LaTanya Anderson’s '92 journey toward a 20-year government career might have started on the school bus.

At five, Anderson took a 40-minute bus ride from her home in Takoma Park, Md. to her otherwise all-white kindergarten in Calverton, part of ongoing school desegregation efforts in Prince George’s County Schools. She attended three different schools by sixth grade.

“I didn’t know it then, but I was already developing competencies,” Anderson says. “I was good at meeting new people and selling who I am.”

She thinks of those experiences now as she introduces employees to the federal government’s new learning and development environment, which is moving away from locking employees into a single agency and instead encouraging moves in pursuit of new knowledge and skills.

“I’m not just an evangelist for this new way of providing professional development,” says Anderson, the associate director for professional development at the Department of the Interior University. “I’ve done it.”

Anderson graduated from Maryland’s radio, television and film program in 1992. After working for a media talent agency and as a booker, she turned her attention to better-paying opportunities in Washington, D.C.’s early dot-com environment — even though she knew little then about emerging computer technology.

She convinced General Dynamics to bring her on based on her organizational and communication skills, and soon she was helping to manage a telecom project in which the company installed hotel phone lines for dial-up service. Two years later, she jumped into a federal contract position creating a regulatory database for the federal Department of Transportation.

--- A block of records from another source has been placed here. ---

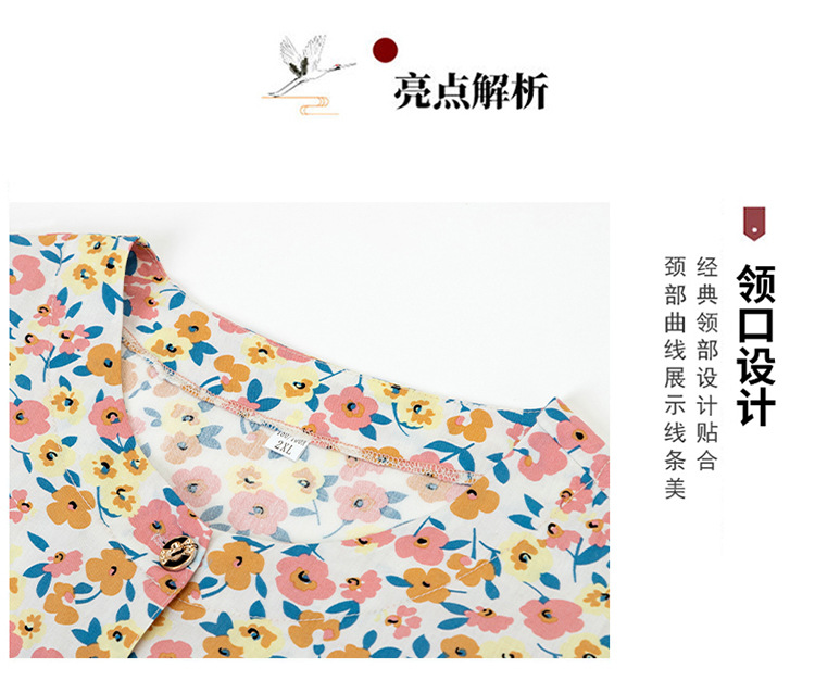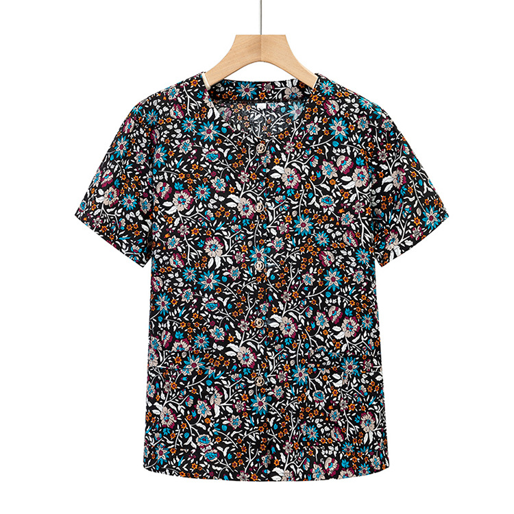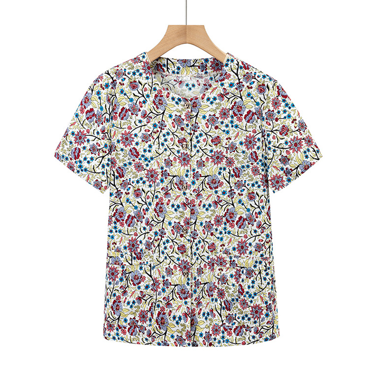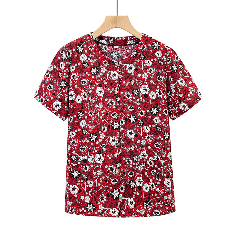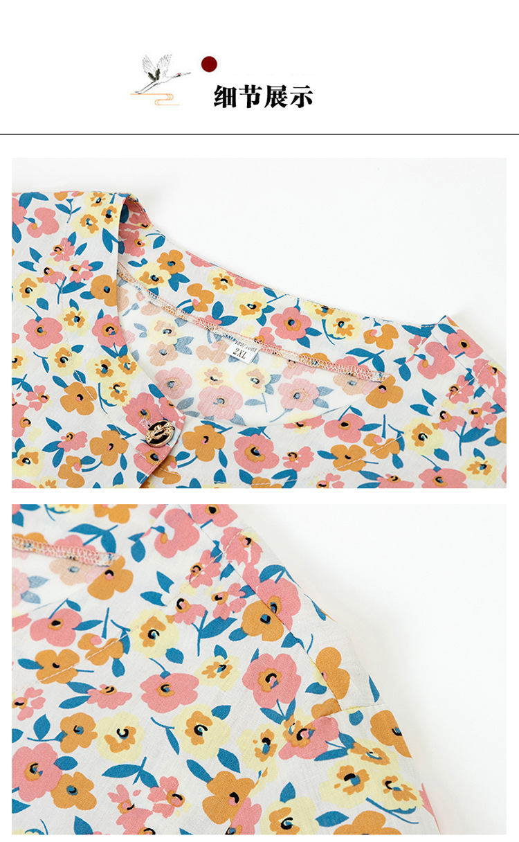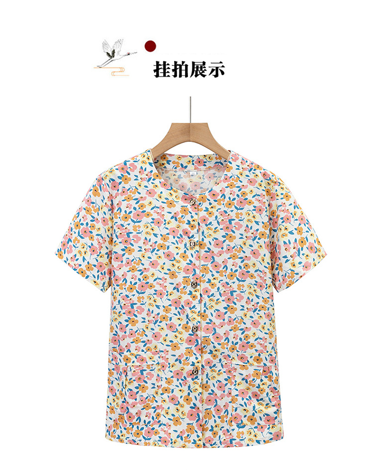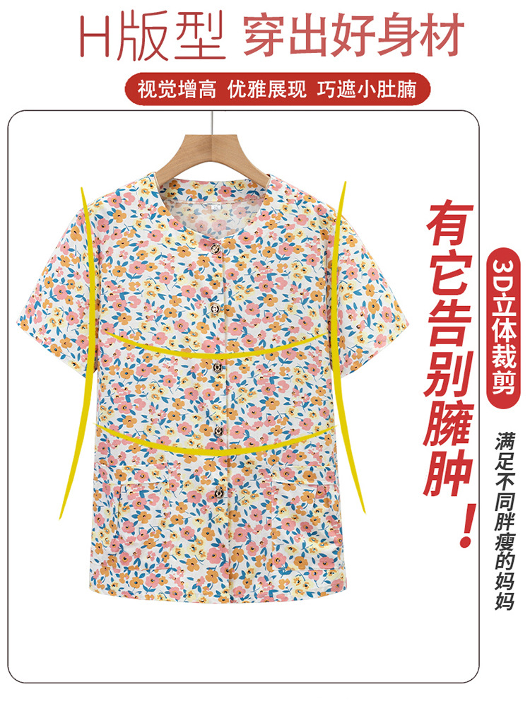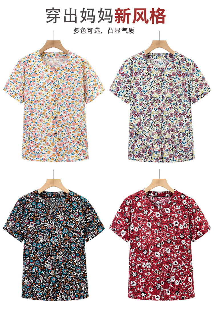奶奶夏装全棉短袖花衬衫老太太圆领开衫上衣妈妈夏季纯棉衬衣汗衫
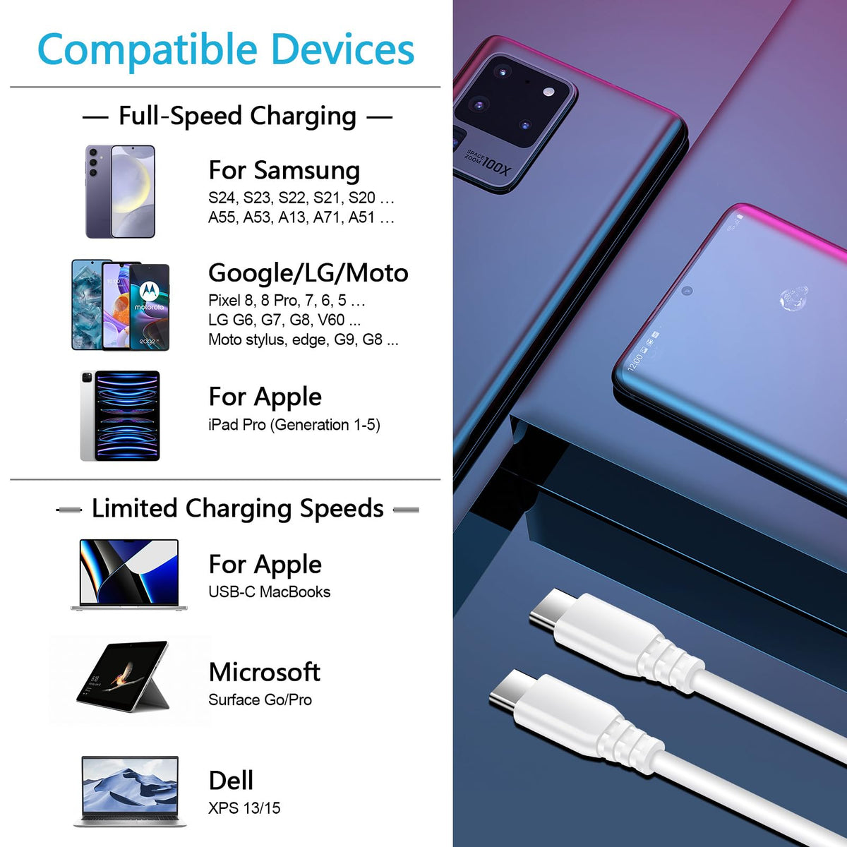 - Q: What devices are compatible with the 2Pack (3ft, 6ft) Super Fast Charging Cable? A: This USB C to C charging cable is compatible with a wide range of devices including Google Pixel 9 series, Samsung Galaxy S24/S23/S22/S21 and Note series, as well as various Motorola and LG models. It also works with tablets, power banks, earphones, and other devices that feature a USB Type-C charging port.
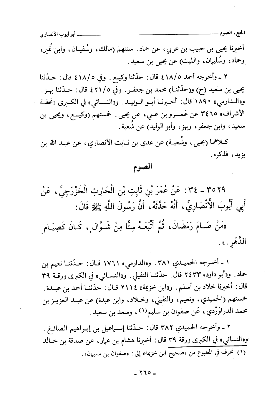 أخرجه الحُمَيْدِي ٣٨١ قال: حدَّثنا عَبْد العَزِيز بن مُحَمد الدَّرَاوَرْدِي، عن صَفْوَان بن سُلَيْم، وسَعْد بن سَعِيد. وفي (٣٨٢) قال: حدَّثنا إِسْمَاعِيل بن إبراهيم الصَّائِغ، عن يَحيى بن سَعِيد. و"أحمد" ٥/ ٤١٧ (٢٣٩٣٠) قال: حدَّثنا أبو مُعَاوِيَة، حدَّثنا سَعْد بن سَعِيد. وفي ٥/ ٤١٩ (٢٣٩٥٢) قال: حدَّثنا مُحَمد بن جَعْفَر، حدَّثنا شُعْبة، قال: سَمِعْتُ وَرْقَاء يُحَدِّث، عن سَعْد بن سَعِيد. وفي (٢٣٩٥٧) قال: حدَّثنا ابن نُمَيْر، حدَّثنا سَعْد بن سَعِيد الأَنْصَارِي، أخو يَحيى بن سَعِيد. و"عَبد بن حُميد" ٢٢٨ قال: حدَّثني مُحَاضِر بن المُوَرِّع، حدَّثنا سَعْد بن سَعِيد. و"الدارِمِي" ١٧٥٤ قال: حدَّثنا نُعَيْم بن حَمَّاد، حدَّثنا عَبْد العَزِيز بن مُحَمد، حدَّثنا صَفْوَان، وسَعْد بن بن سَعِيد. و"مسلم" ٣/ ١٦٩ (٢٧٢٨) قال: حدَّثنا يَحيى بن أَيُّوب، وقُتَيْبَة بن سَعِيد، وعلي بن حُجْر، جميعًا عن إِسْمَاعِيل، قال ابن أَيُّوب: حدَّثنا إِسْمَاعِيل بن جَعْفَر، أخبرني سَعْد بن سَعِيد بن قَيْس. وفي (٢٧٢٩) قال: حدَّثنا ابن نُمَيْر، حدَّثنا أَبِي، حدَّثنا سَعْد بن سَعِيد، أخو يَحيى بن سَعِيد. وفي (٢٧٣٠) قال: حدَّثناه أبو بَكْر بن أَبِي شَيْبَة، حدَّثنا عَبْد اللهِ ابن المُبَارك، عن سَعْد بن سَعِيد. و"أبو داود" ٢٤٣٣ قال: حدَّثنا النُّفَيْلِي، حدَّثنا عَبْد العَزِيز بن مُحَمد، عن صَفْوَان بن سُلَيْم، وسَعْد بن سَعِيد. و"ابن ماجة" ١٧١٦ قال: حدَّثنا علي بن مُحَمد، حدَّثنا عَبْد اللهِ بن نُمَيْر،
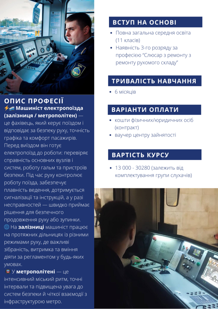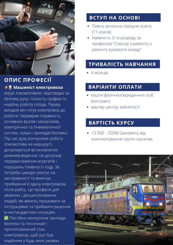 Машиніст електропоїзда (кваліфікація: помічник машиніста електропоїзда)
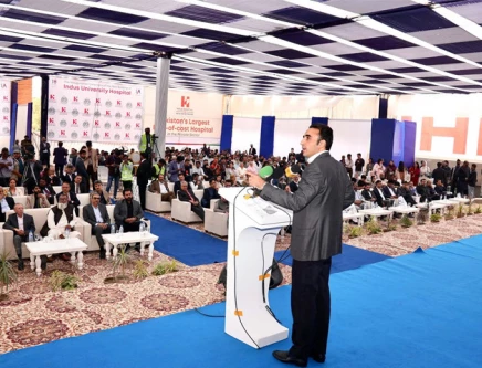 The Indus University Hospital, set to become Pakistan's largest free treatment facility, will accommodate 1,350 beds upon completion in three years. It features modern emergency and outpatient facilities, advanced diagnostic units, 36 state-of-the-art operation theatres, cancer care and research centres, and a Health Sciences University linking seven colleges for integrated medical education and services.
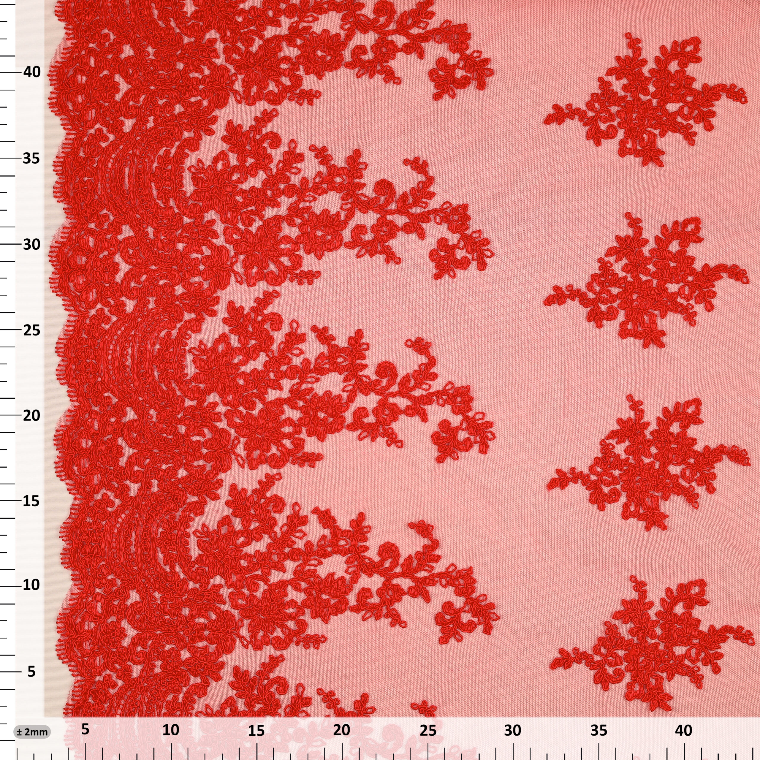 • Pizzo Macramè Pregiato - Fantasia Giglio - al Metro - Rosso

Anderson found supervisors appreciated her ability to translate information to keep it flowing between technical and non-technical staff and she was hired as a permanent federal employee. She later moved to the Department of Veterans Affairs, where she coordinated major IT infrastructure overhauls. 

But Anderson found her calling when she took the Interior job in 2015. There, a supervisor told her to think of training others with an entrepreneurial mindset rather than focusing on job-specific skills. With the advent of a federal learning ecosystem, the days of being pigeon-holed by a Civil Service test into one career are gone, replaced by a mission to develop a 21st century workforce that is willing to reskill and be ready to redeploy when necessary.

“We’re giving people competencies with data so they can carve out their career paths,” said Anderson, who is a representative on multiple, cross-agencies bodies working to reform professional development. “We’re all sharing with each other because we care about building a better government.”

Both of Anderson’s parents retired from the federal government, her mom, Dianne, after a career with the Office of Personnel Management, and her dad, Robert, from the U.S. Secret Service. Anderson, 51, enjoys traveling but when she comes back home, she appreciates visiting her family to share laughs and great memories over a good meal. She’s never forgotten how they pushed her to try a variety of options as a child — including Air Force Junior ROTC and University of Maryland’s Upward Bound — even when she didn’t know what she wanted to do.

“It was the best thing I could have done,” she said. “You don’t understand how that will translate later to your work, to be able to accept change, to have diverse experiences and appreciate adversity.”